Feeling a bit frightened - waiting for diagnosis
It has taken some courage to post on here as my symptoms are so non specific and sometimes I feel like I am going mad and if I am totally honest, I have been trying to distance myself from a Lupus diagnosis and did not want to believe having that is possible - if that makes sense.
For ages now I have been feeling really exhausted, to the point I could walk somewhere and not have the energy to walk back. I start the morning not too bad and by the end of the morning would sneak off to the toilets at work and rest my head for 10 mins :(
Gradually this has become worse, I wake up early hours of the morning with a weakness in my body that would make it impossible to walk, I feel as though I have had my bones removed. When I get up in the morning my ankles, knees, hands/wrists are so sore - I am taking 2 panadol/codeine in the morning as I cannot take NSAIDs and sometimes if the pain is bad - in the evening as well.

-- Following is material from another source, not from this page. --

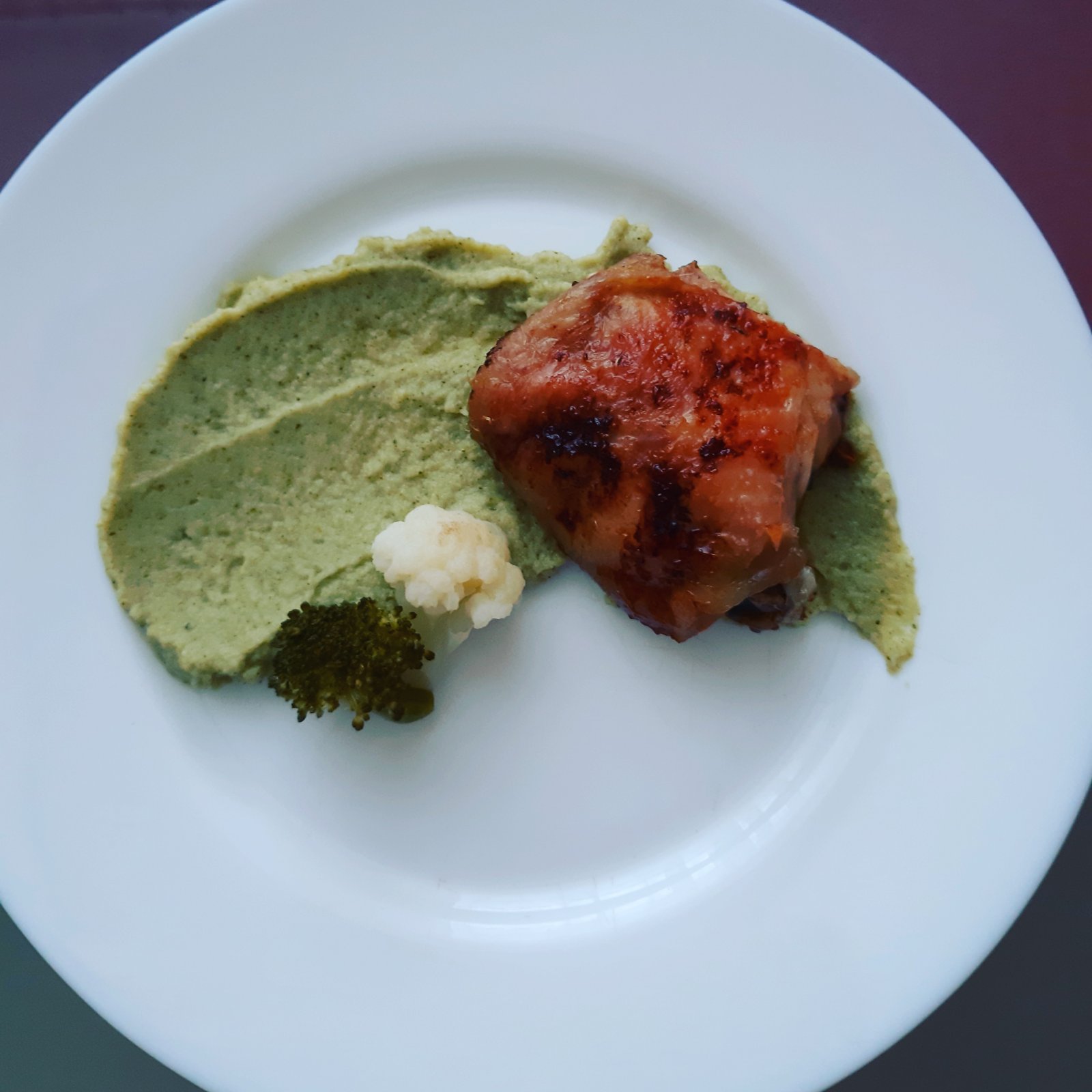 My dnes brokolicovo-karfiolove pyre a medove kuriatko.

My hip hurts - as though it has dried out, the other week I noticed one side of my face was stinging to the touch and I had a mouth full of ulcers, this went away and then I got a cold sore on my lip - just get rid of one and then I get another.
Headaches - my goodness, a migraine type pain that starts with a pain/pressure above the right eye, and pain in my neck.
My head has gone 'cloudy', I am studying something I love at college (part time as I work during the day) and sometimes I can see things clearly and then its like clouds come over my head and I cannot concentrate and could stare at a computer for hours and not do any work.
Swollen eyes - I look like I have the biggest eye bags and my eyes are so dry and my vision is blurred and my mouth is dry as well. And dare I admit it - I am dry 'down below', I am 43 so thought 'Jesus Christ, this is the menopause', mind you the menopause is a normal healthy part of life but I still dont look forward to it - especially the dry part and now I have it anyway and it isnt menopause :(.
Dizziness, last year I got out of bed and felt as though someone had spun my world around and I fell on the floor, doctor couldnt find what was wrong and prescribed anti sickness tablets which didnt help and I periodically have the room spin round on me even now.
Emotional, I cant seem to cope with stuff I would normally cope with, when my Dad went back to the UK after a visit, I was ill for days afterwards - I dont know why. Earlier this year I was giving first aid on the scene of a car crash and I had a punching pain in my sternum, I thought I was having a heart attack, I wasnt panicking or anything but the pain was dreadful and I periodically get it now. I had to stop going to the gym as when I did strenuous exercise I would get chest pain and my heart would become irregular.
Sometimes when I breath in I get pain as well and it isnt my asthma, but its not often enough to see a doctor.
Strange vibrating in my feet, I feel like the floor is vibrating - but that could all be in my head I suppose.
Reactions - whenever I get bitten by a mozzie, I react terribly - my joints swell up and I become ill, I was bitten by a redback on Saturday and felt dreadful, my leg is now so bruised I look like I have been kicked - I bruise so easily.
Just before my period the symptoms are magnified and I feel awful. Although I have never been a sunworshipper - I am very pale skinned and have to take vitamin D supplements as I am low with those levels, I have to swim in a rash vest, hat and sunnies and have used total sunblock since moving to Australia from the UK but still, I feel awful in the sun, I cannot go out without my sunnies and my aches are even worse - why is that? I thought cold weather made joints worse not hot weather.
I know these symptoms do not make sense, I dont blame you for thinking that but I feel like my body doesnt want me anymore, that it doesnt like me - in fact I am crying just writing this down :(
Anyway, I went back for my blood results, expecting a thyroid problem and my GP has pointed out the following:
ANA is 1:320 - positive speckled pattern and mildly elevated CRP at 8
Parietal cell antibodies negative
Renal function - high end of normal - retest in 6 months
Urine - erythrocytes top end of normal
The GP referred me to an Immunologist - the next urgent referral (private) is for first week in July and I am also on the waiting list for another specialist who has an appointment for June so I can choose which one I want to see.
The waiting is so hard, I thought it was in my head but my GP said it isnt as there is clearly something going on.
Did any of you feel this frustrated waiting to see someone? I am also in turmoil as I have heard that one of the specialists I am down to see is very bossy and patronising and with my current mood swings, I am not sure how good I would be in dealing with that.
If any of you know of good specialists in the Perth area, could you let me know - I wouldnt mind knowing if anyone knows of either consultant that I am due to see, I dont want to post their names on here.
Apologies for the garbled post, my head has gone cloudy again.
You know, my husband was nearly killed in a car crash just under 2 years ago and I had PTSD just after, got some therapy and have come such a long way, my life is good right now and I am in a good space mentally and just as things were going my way, I now have this - life can be like that I guess.
Anyway, thank you for reading this - it probably sounded daft, it does to me. I guess I just have to choose which consultant to see and hope I can wait until either June or July.